> Goal of the exercise:
Beginning with the first line below, output every record verbatim and leave out the images.

> Dataset excerpts:
Start of Block
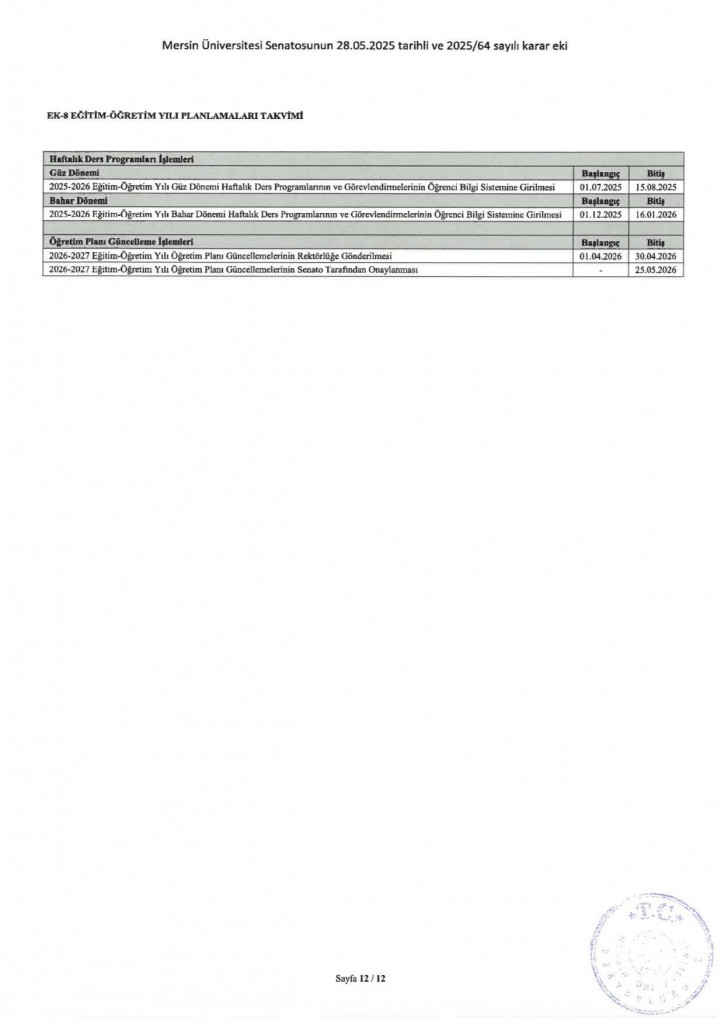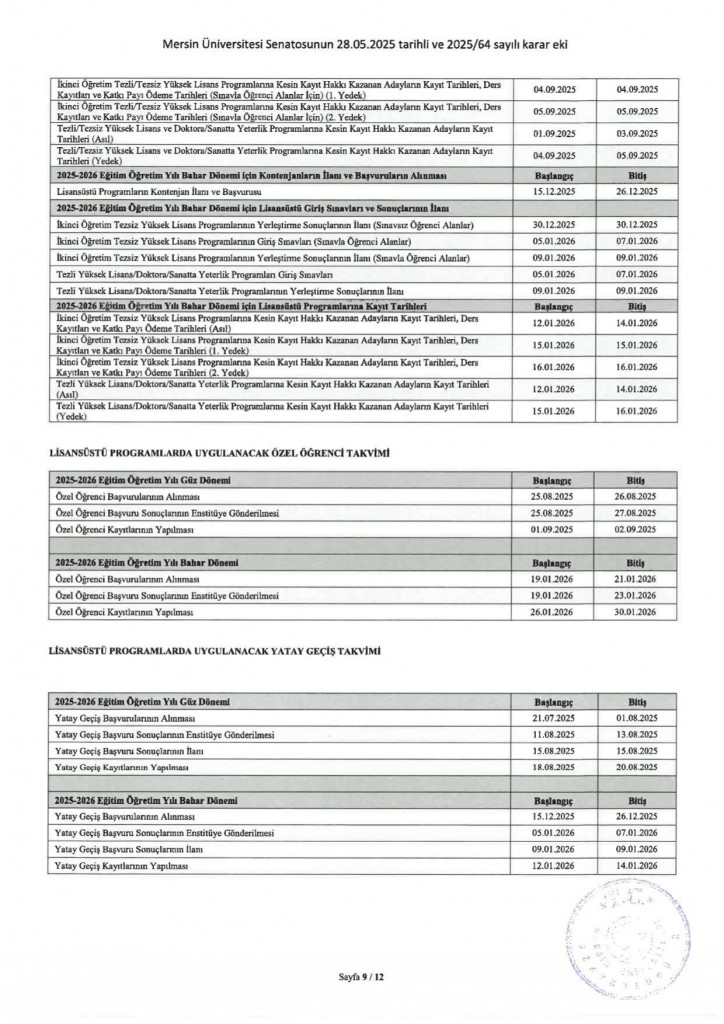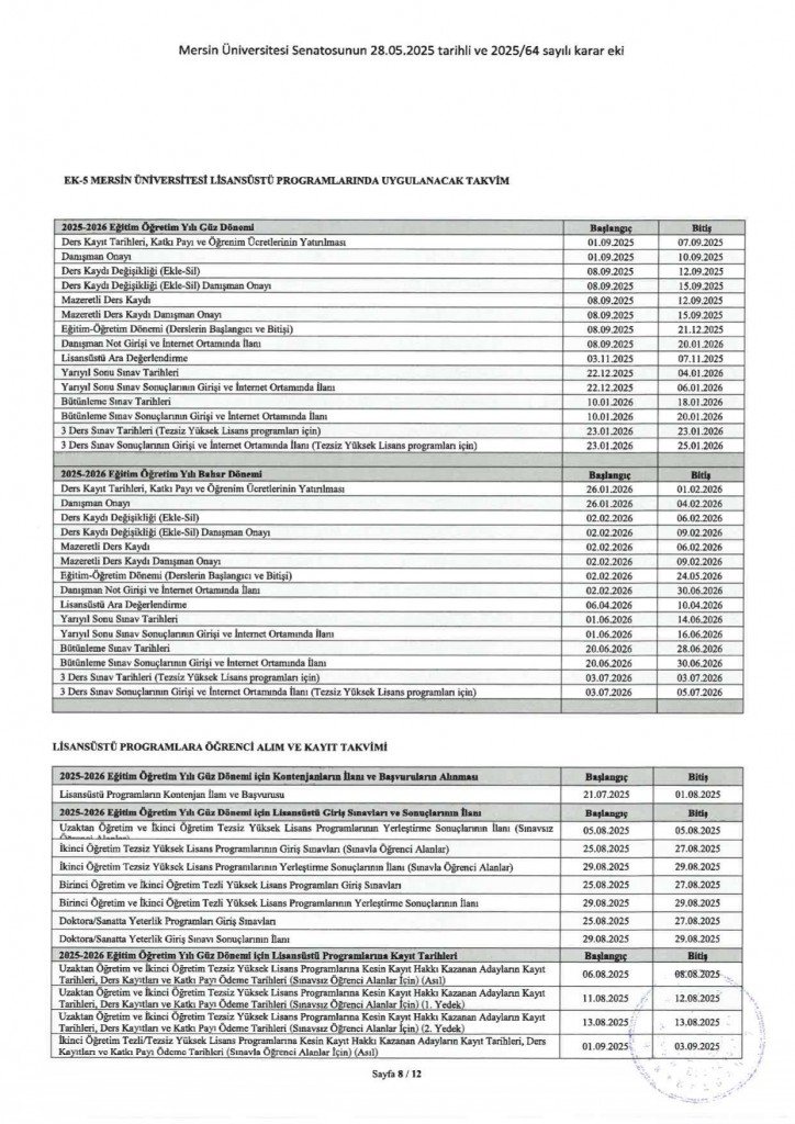 2025-2026 Eğitim Öğretim Yılı Akademik Takvimi
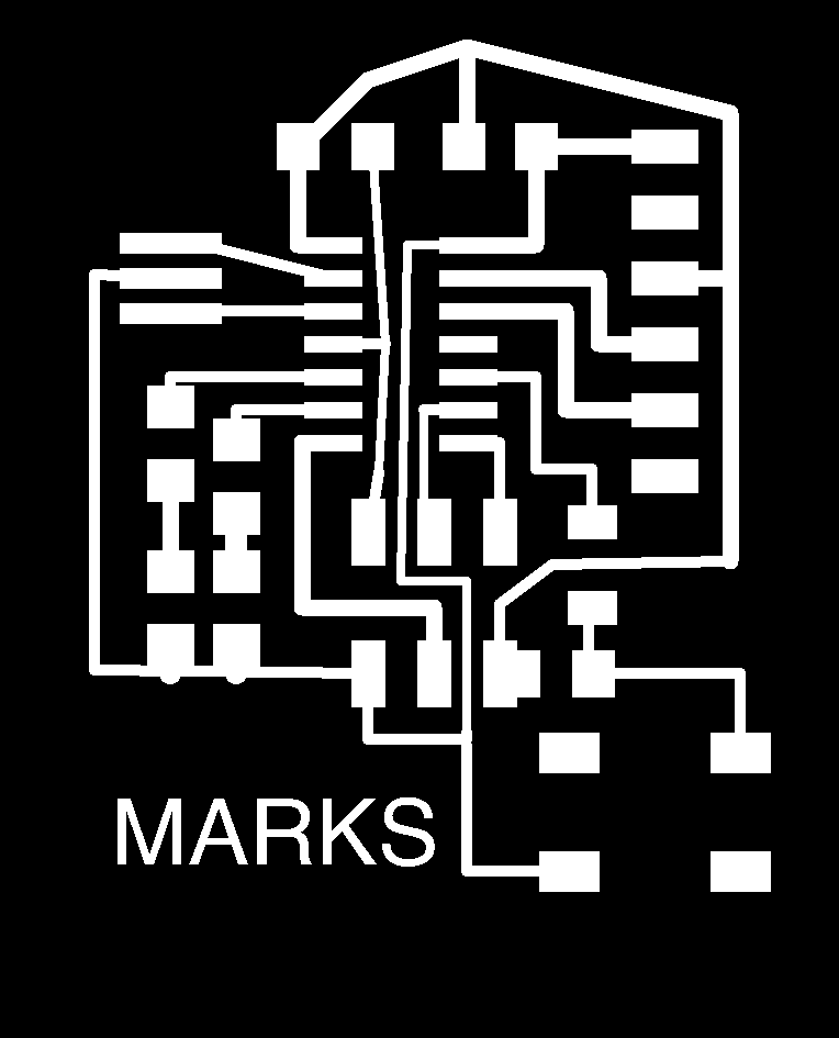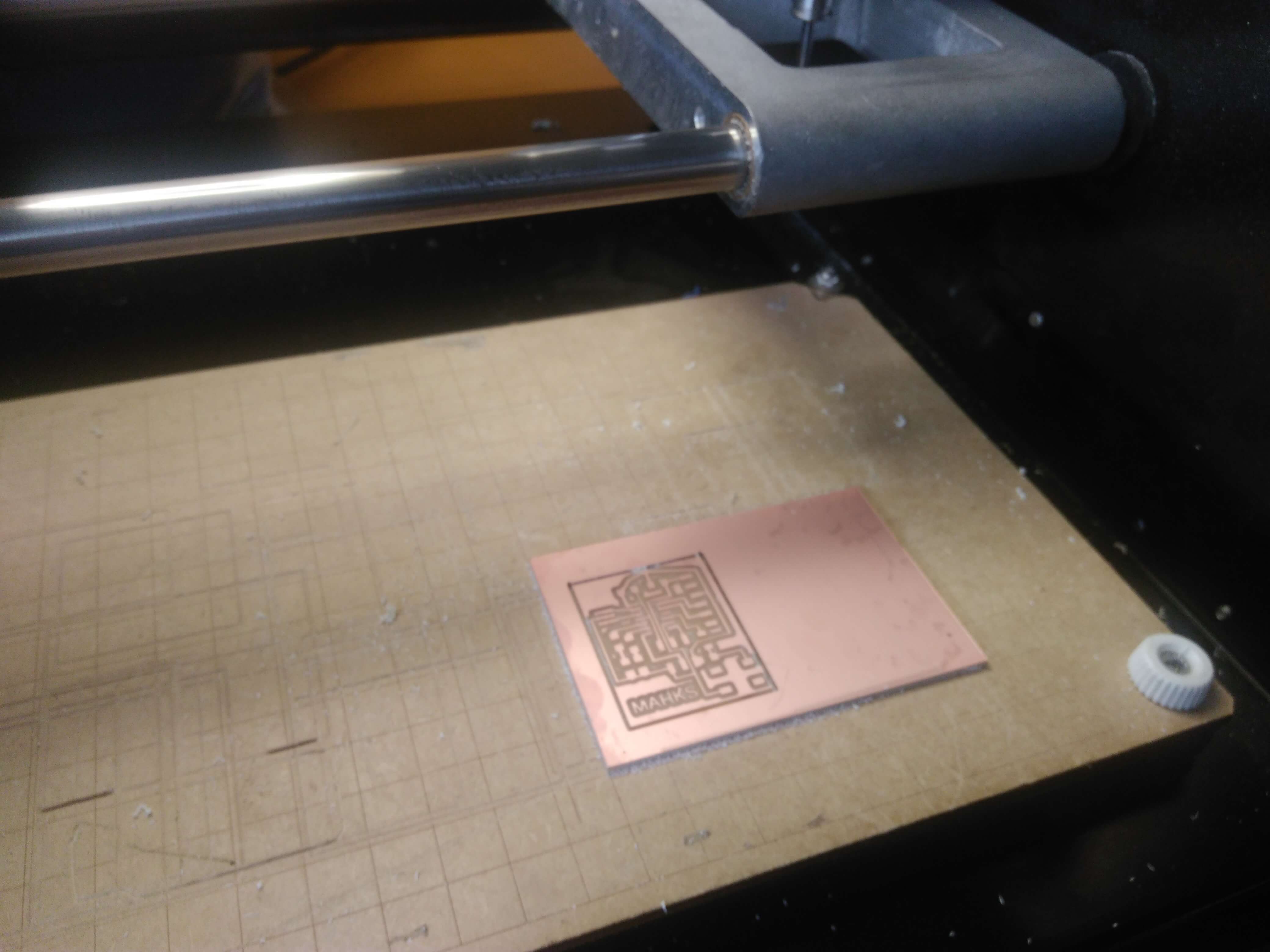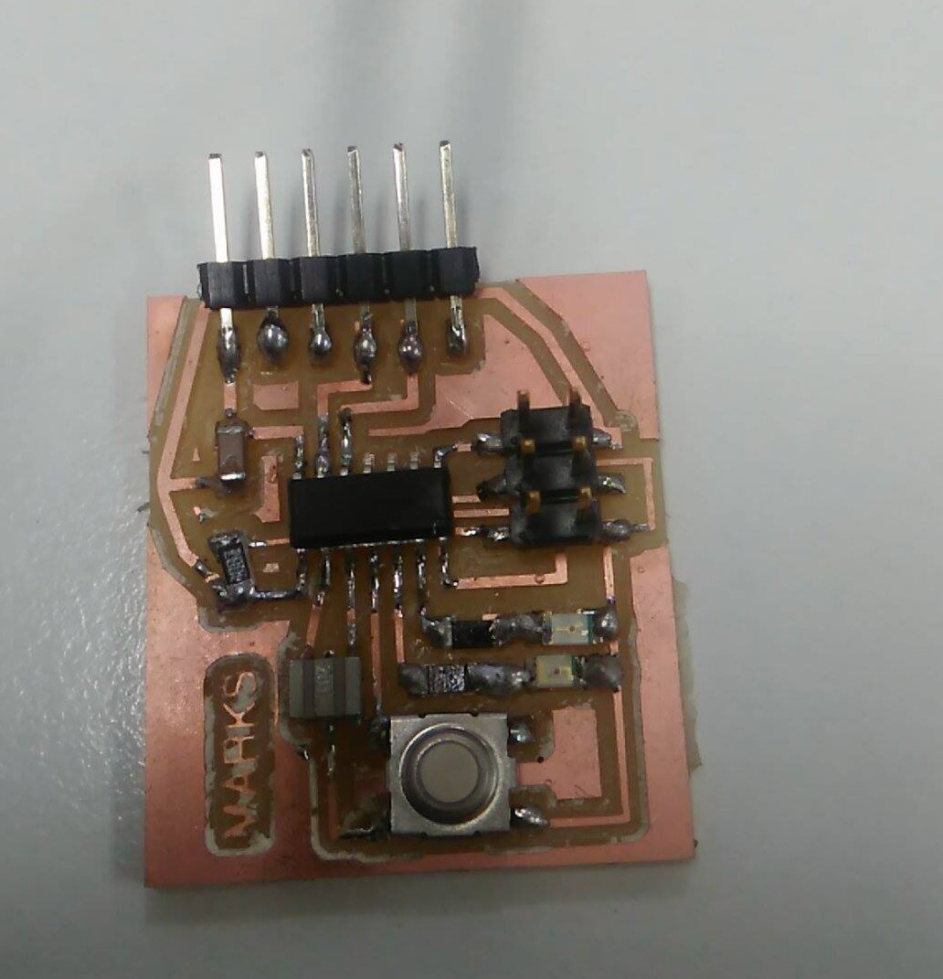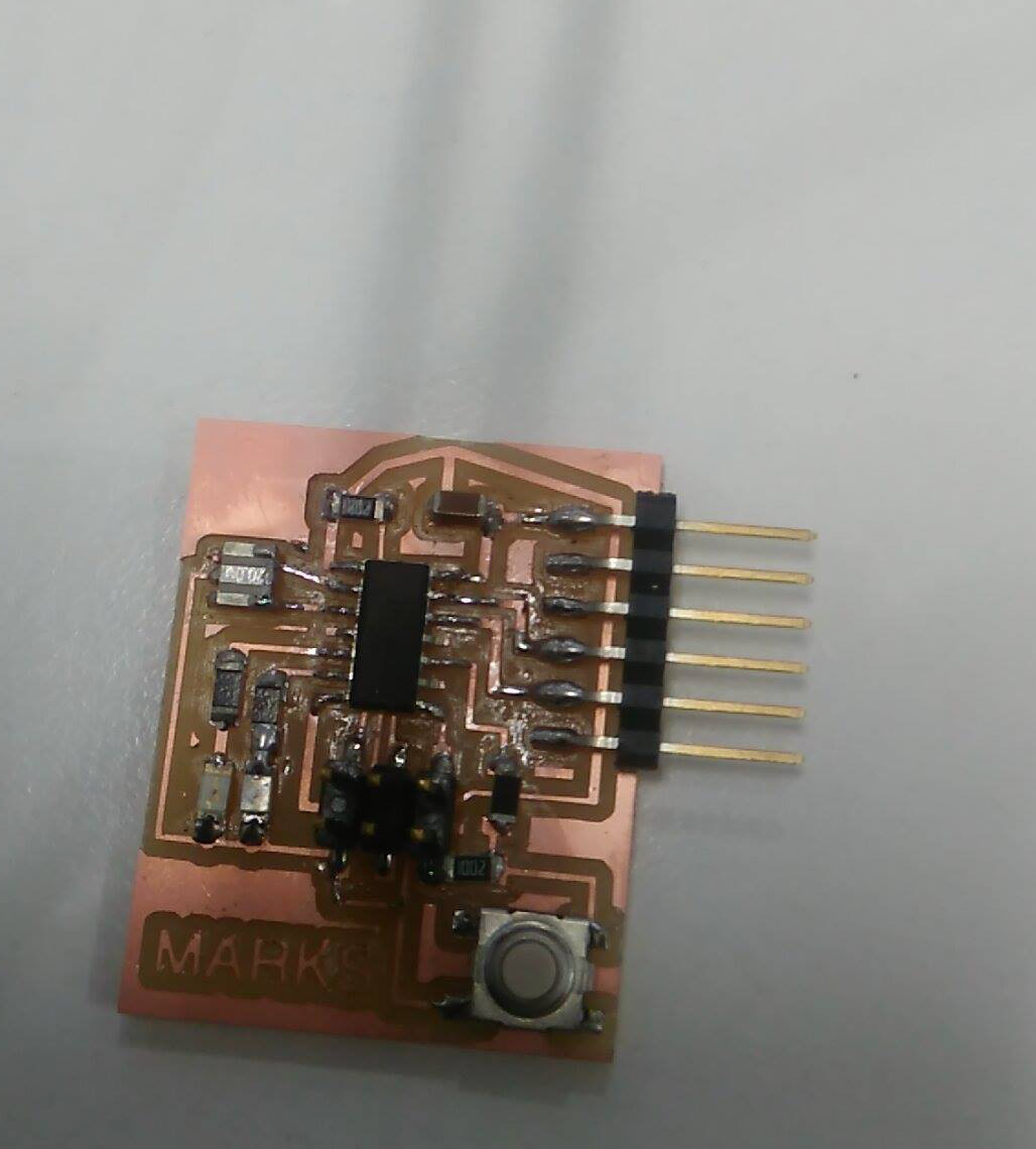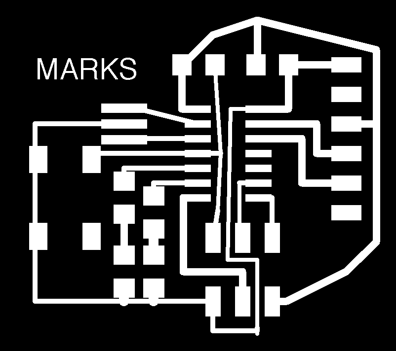 The parameters used in the grid was 0.005", the width of cooper track that I considered was different in the border I consider 0.024", line parallels with 0.016" and the line wich passing under the chip has 0.012". In the next assigments I am going to use a unique size. The design was completed to export in 600 dpi with monochrome color, but we invert the color to use in Roland MDX.20. Finally, the traces image cutted in Roland machine and soldering elements.
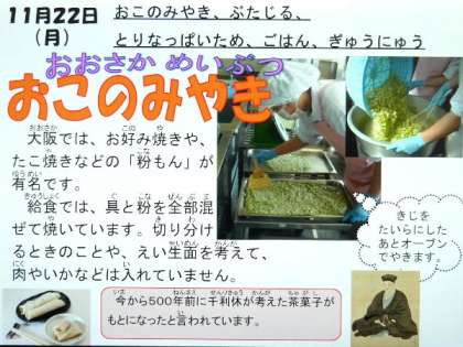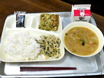 今日の献立は、おこのみやき、豚汁、とりなっぱ炒め、ごはん、牛乳でした。今日もごはんのすすむメニューでした。おいしかったですね。
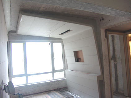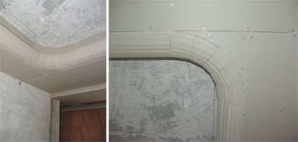 客廳四角設(shè)計(jì)成圓弧形,竣工后的效果應(yīng)該是很不錯(cuò)的,但同時(shí)施工的難度也隨之增加了。
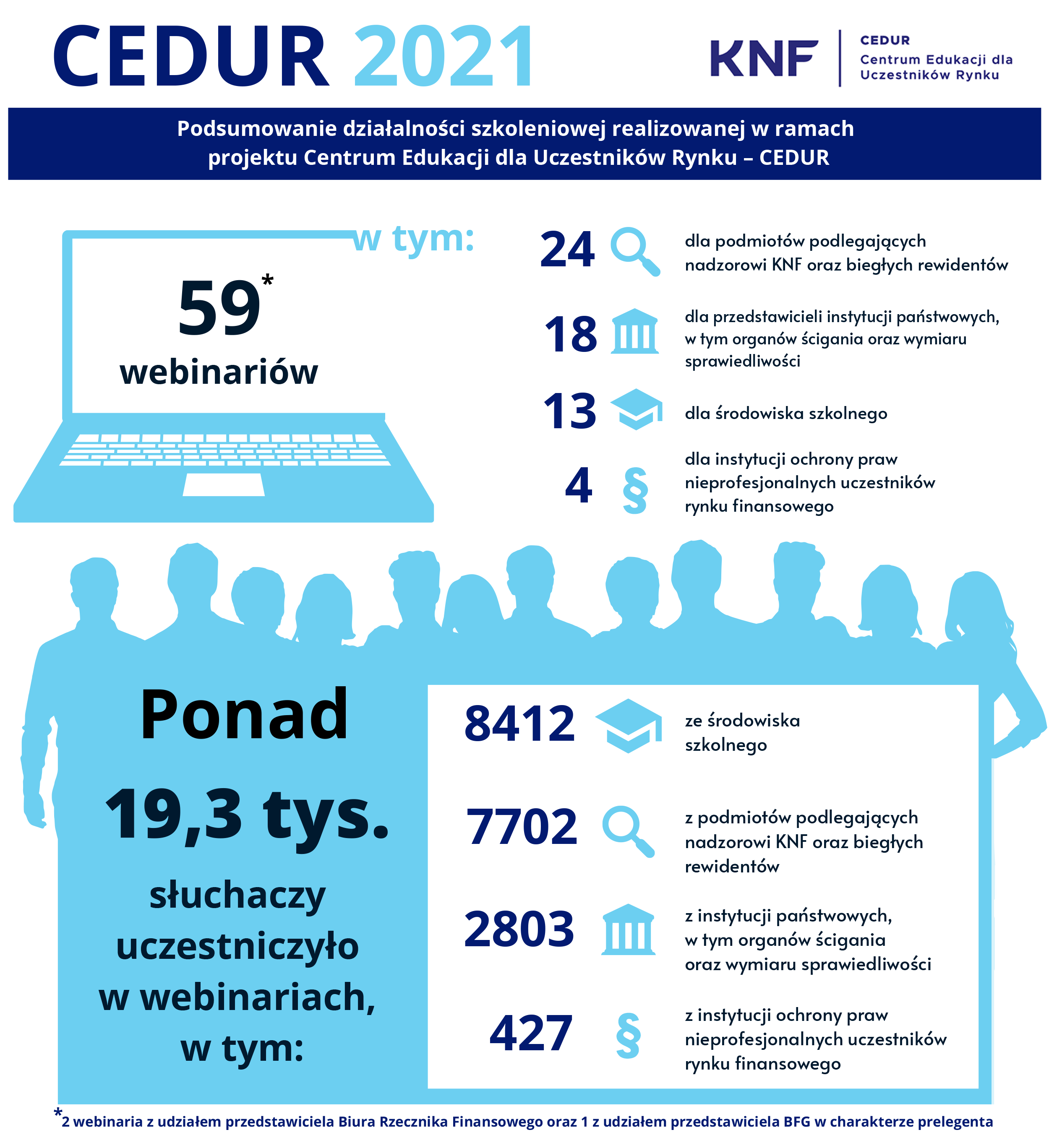W ramach projektu edukacyjnego Centrum Edukacji dla Uczestników Rynku – CEDUR prowadzona jest m.in. działalność szkoleniowa obejmująca organizację bezpłatnych seminariów szkoleniowych, od 2020 roku w formie webinariów, skierowanych przede wszystkim do następujących grup odbiorców:
End of Block
> Response to this exercise:
 2025-2026 Eğitim Öğretim Yılı Akademik Takvimi
 The parameters used in the grid was 0.005", the width of cooper track that I considered was different in the border I consider 0.024", line parallels with 0.016" and the line wich passing under the chip has 0.012". In the next assigments I am going to use a unique size. The design was completed to export in 600 dpi with monochrome color, but we invert the color to use in Roland MDX.20. Finally, the traces image cutted in Roland machine and soldering elements.
 今日の献立は、おこのみやき、豚汁、とりなっぱ炒め、ごはん、牛乳でした。今日もごはんのすすむメニューでした。おいしかったですね。
 客廳四角設(shè)計(jì)成圓弧形,竣工后的效果應(yīng)該是很不錯(cuò)的,但同時(shí)施工的難度也隨之增加了。
W ramach projektu edukacyjnego Centrum Edukacji dla Uczestników Rynku – CEDUR prowadzona jest m.in. działalność szkoleniowa obejmująca organizację bezpłatnych seminariów szkoleniowych, od 2020 roku w formie webinariów, skierowanych przede wszystkim do następujących grup odbiorców:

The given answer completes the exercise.